Problem to work on: Your output should be the lines below from the one holding "孩子们积极的讨论着他们遇到的" through the one holding "316L Çelik Zincir", transcribed exactly, with no pictures.
(Listed entries Opens)
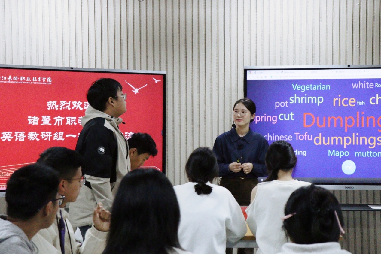课堂观摩环节,公共外语教研室张燕婷老师以“Chinese Cuisine(中国饮食文化)”为主题,呈现了一堂生动的《大学英语》示范课。课上,她巧妙运用图片、视频、游戏PK与小组协作任务等多种方式,激发学生参与热情,引导学生在掌握中国饮食文化相关英语表达的同时,提升口语应用与跨文化沟通能力。观摩课上活跃的课堂气氛、AI等现代化教学手段的融合应用,获得了来访教师的一致好评。
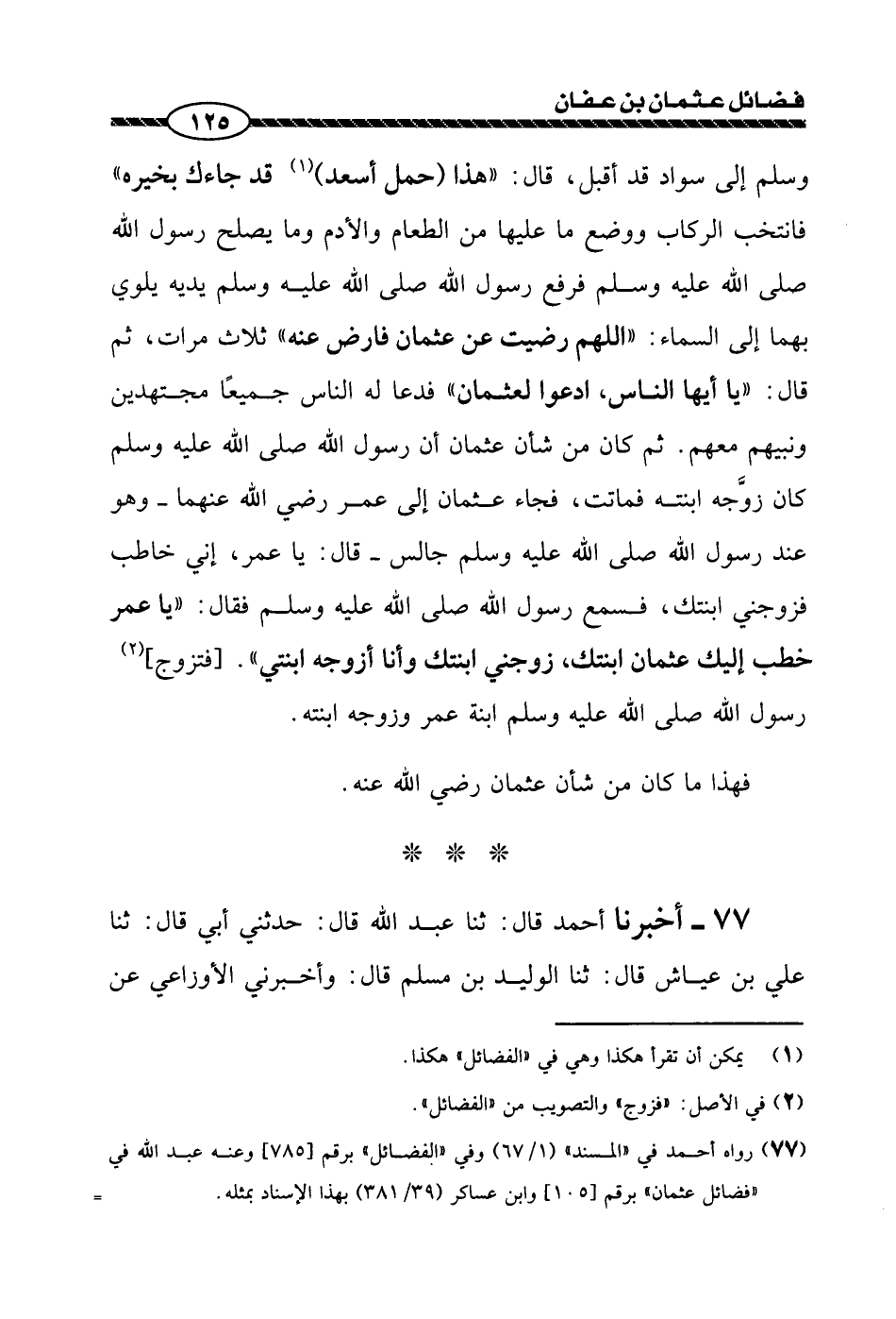 كتاب فضائل عثمان بن عفان لعبد الله بن أحمد
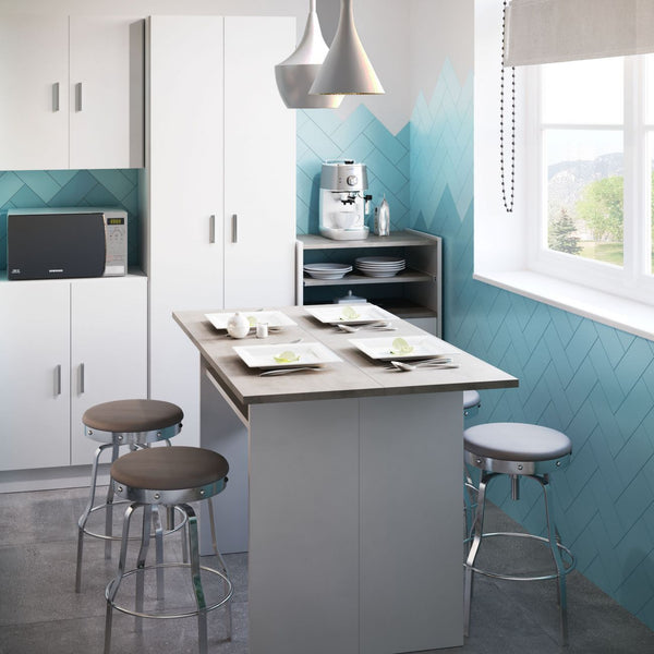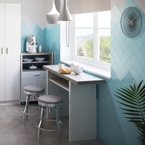 Su sistema de apertura en dos posiciones te permitirá pasar de los 35 a los 70 cm en un abrir y cerrar de ojos. Y por si fuera poco, la mesa dispone de una balda debajo del tablero para que guardes en ella todos los utensilios, la vajilla o los textiles de cocina que necesites tener siempre a mano.
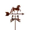 Our Saddlebred Horse Weathervanes create a fantastic display when pole-mounted in a garden, but can also be attached to any post or deck railing or roof-mounted on your house, cupola or shed. The top is approximately 21 inches wide by 8 - 11 inches tall. The wind cups and direction indicator section is 15 inches across. For your convenience, this Saddlebred Horse Weathervane comes complete with your choice of garden, post, deck, or rooftop mounting hardware. The Garden Stake is 60" high and the Deck Mount is 15" high and attaches to any horizontal surface with a 3" x 3" mounting plate.
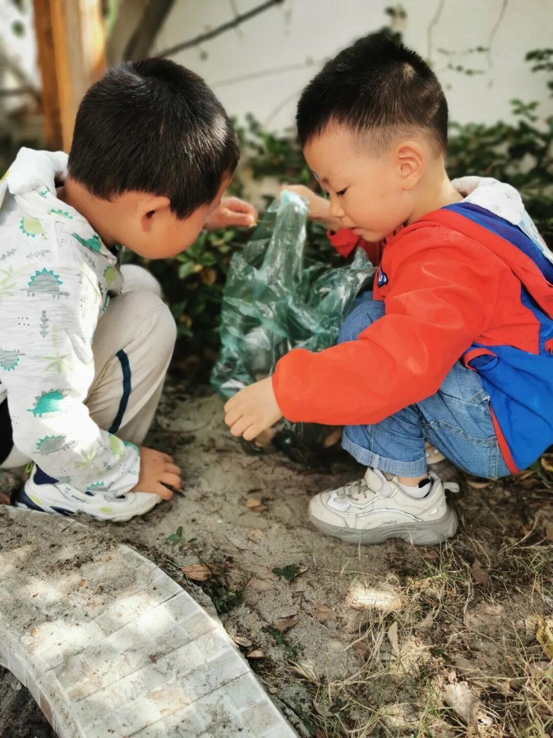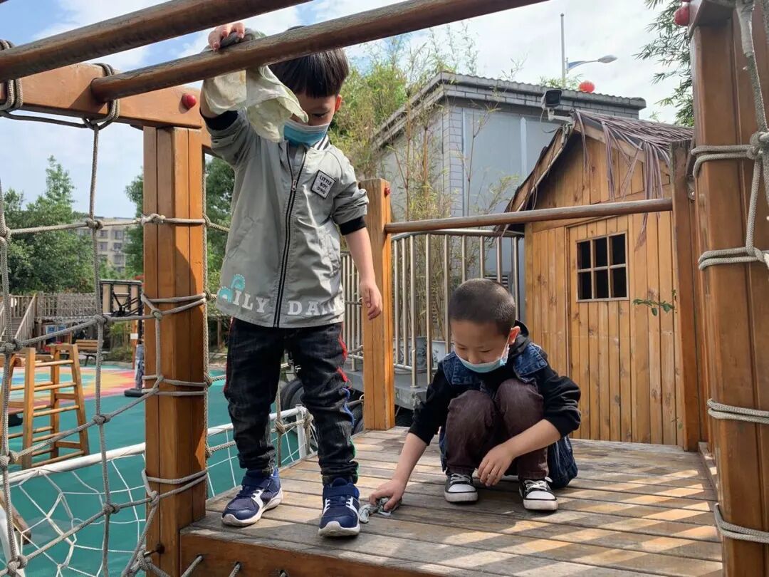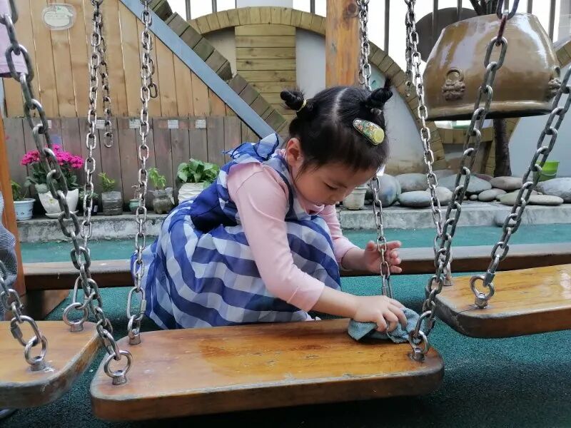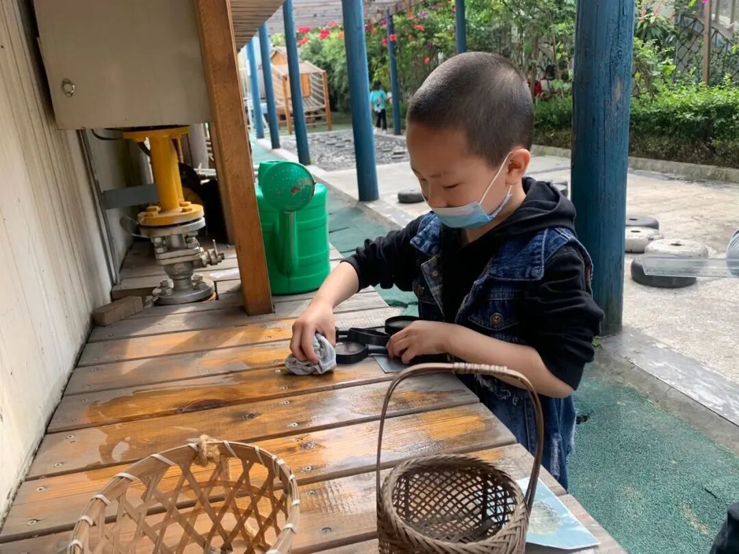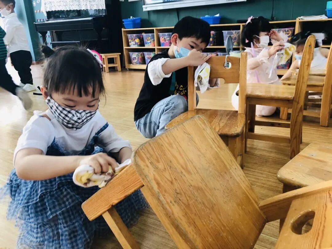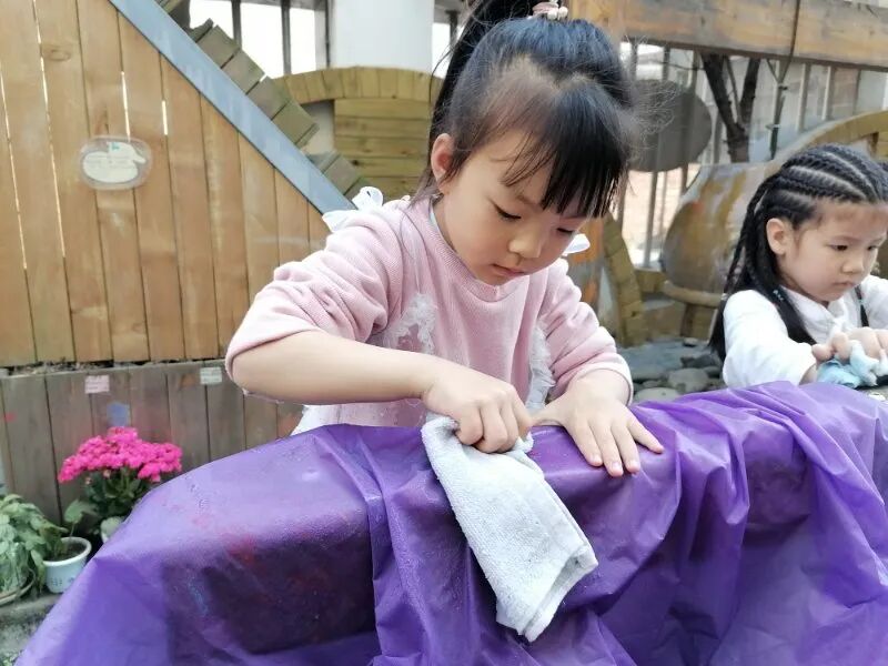 孩子们积极的讨论着他们遇到的问题及解决方式,以集体劳动或小组劳动的形式,齐齐动手,清洁幼儿园班级、户外环境的卫生。
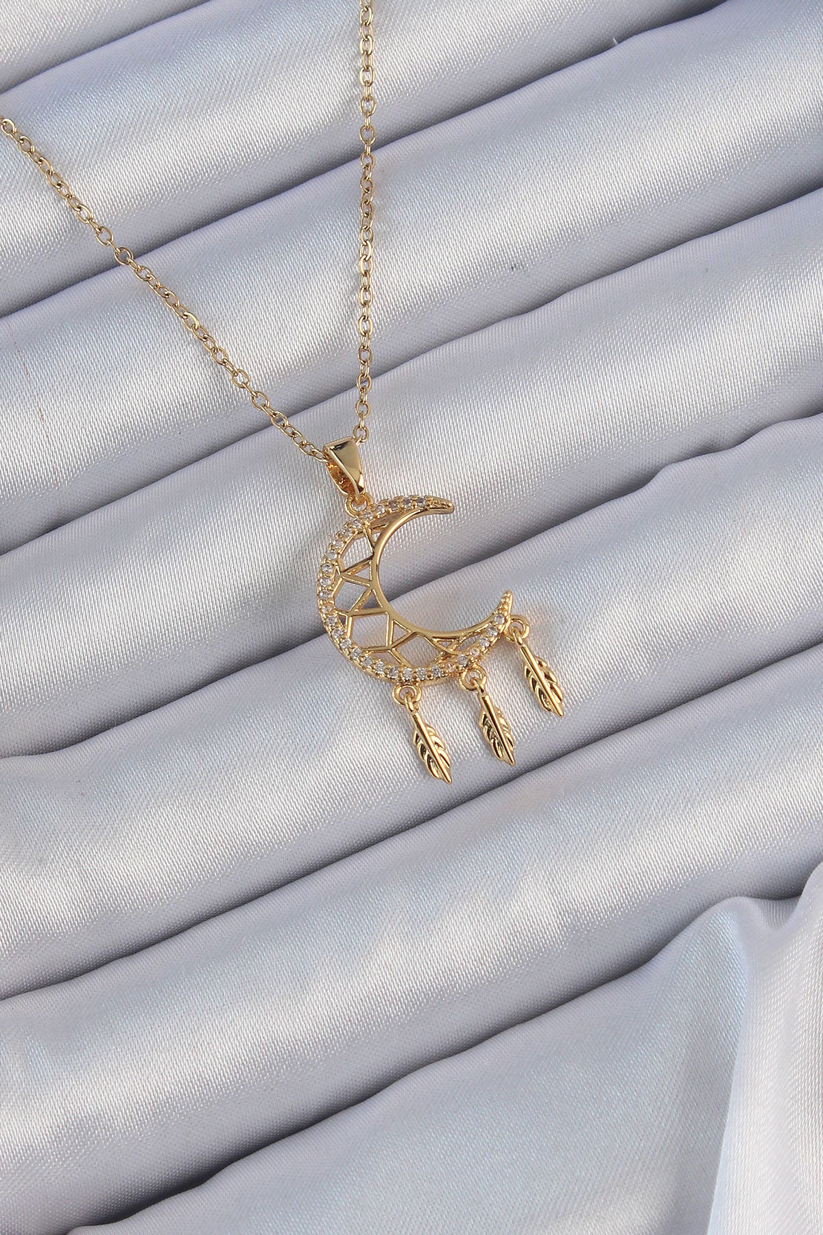 316L Çelik Zincir Altın Renk İşlemeli Zirkon Taşlı Ay Kolye - BKO9171
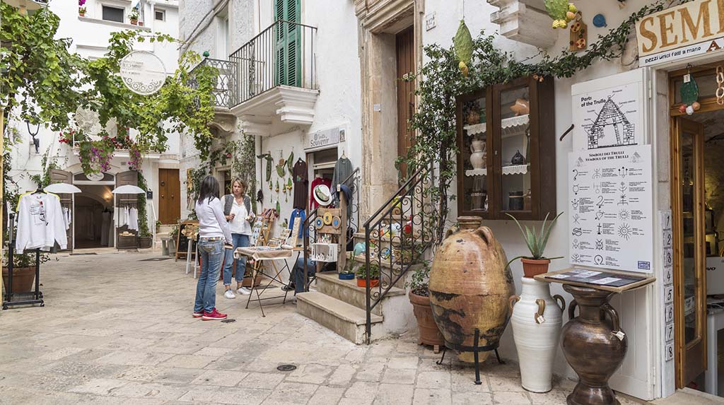 Seus icônicos trulli — casinhas cônicas de pedra branca — formam um cenário de conto de fadas e são Patrimônio da UNESCO. Segundo a lenda, essas construções surgiram na Idade Média como um “truque” para evitar impostos altos sobre moradias permanentes, já que podiam ser rapidamente desmontadas. Caminhar por suas ruas é como voltar no tempo. E não deixe de explorar as lojinhas de artesanato local, especialmente os tecidos jacquard em linho — peças únicas e elegantes que são especialidade da região.
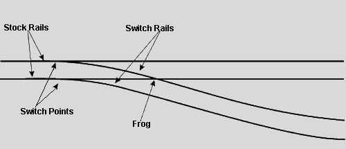 The crossover at Mile 127.54 was designed to permit a maximum speed of 45 mph for diverging movements. It was built with No. 20 turnouts equipped with Samson switches. Figure 1 illustrates a turnout and some of its major components.
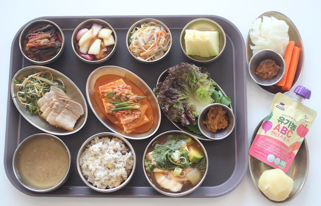 잡곡밥/동태매운탕/삼겹살수육*파채무침/참치두부조림/모듬쌈채/ 숙쌈*야채스틱/유부숙주나물/양파간장절임/갓김치/메론 간식-찐감자/유기농ABC쥬스
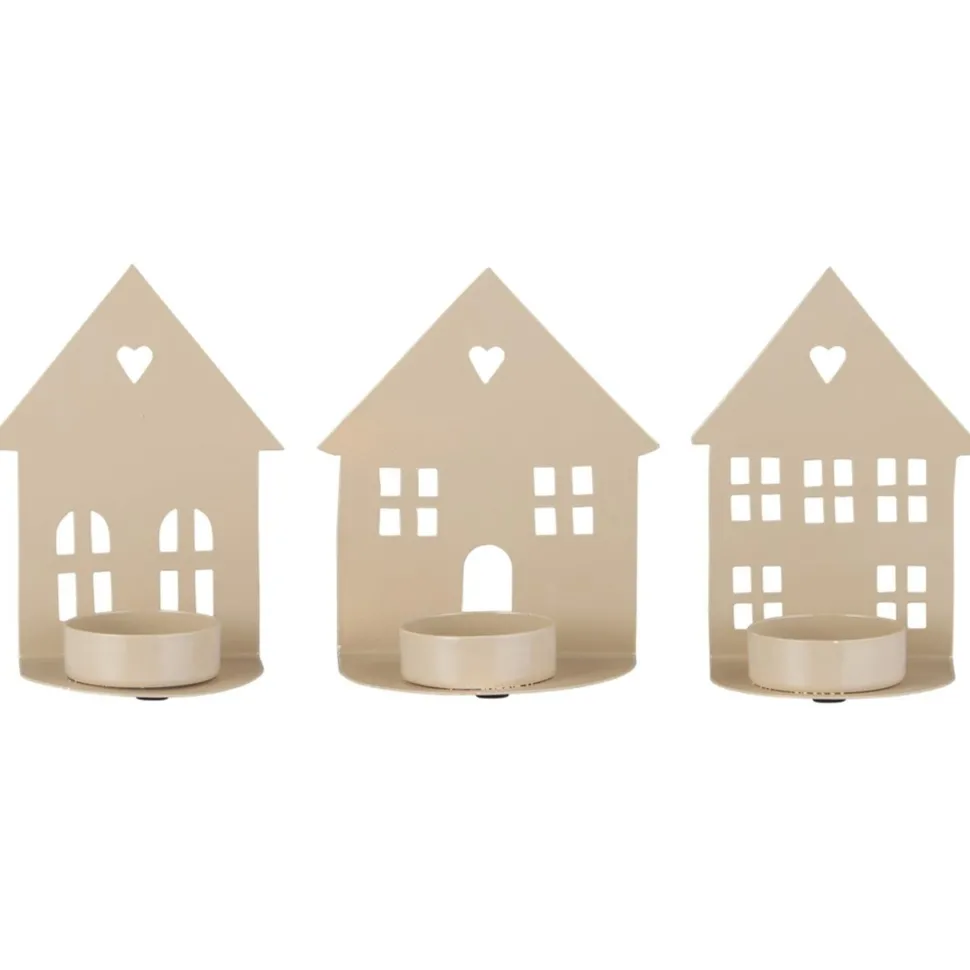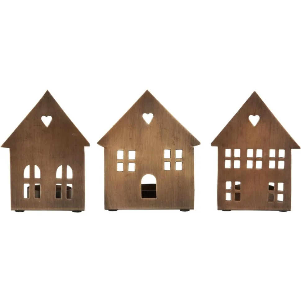 Kerzenhalter für Teelicht, stehende Hausfassade im 3er Set von IB Laursen aus Dänemark.
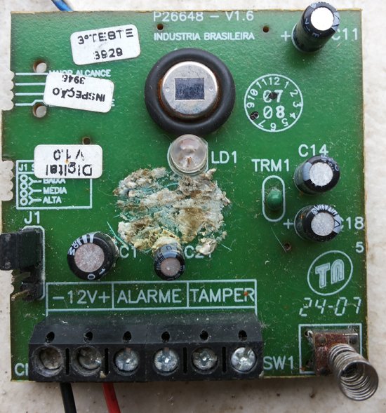 O componente principal é um passivo, ou seja, um sensor de movimentos de calor, mais conhecido como sensor infravermelho.
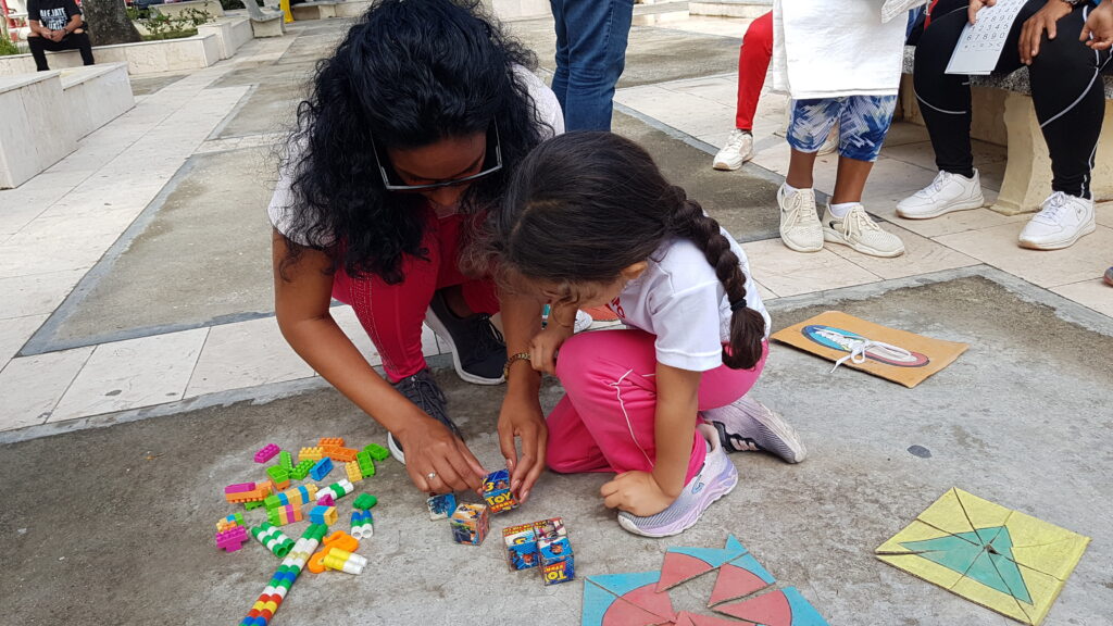 Las imágenes muestran cómo niños y adultos participan en actividades educativas y recreativas: juegos con bloques geométricos, dinámicas de coordinación y deportes, así como presentaciones culturales y espectáculos de payasos que animan el ambiente.
(Listed entries Closes)
Completed exercise:
 孩子们积极的讨论着他们遇到的问题及解决方式,以集体劳动或小组劳动的形式,齐齐动手,清洁幼儿园班级、户外环境的卫生。
 316L Çelik Zincir Altın Renk İşlemeli Zirkon Taşlı Ay Kolye - BKO9171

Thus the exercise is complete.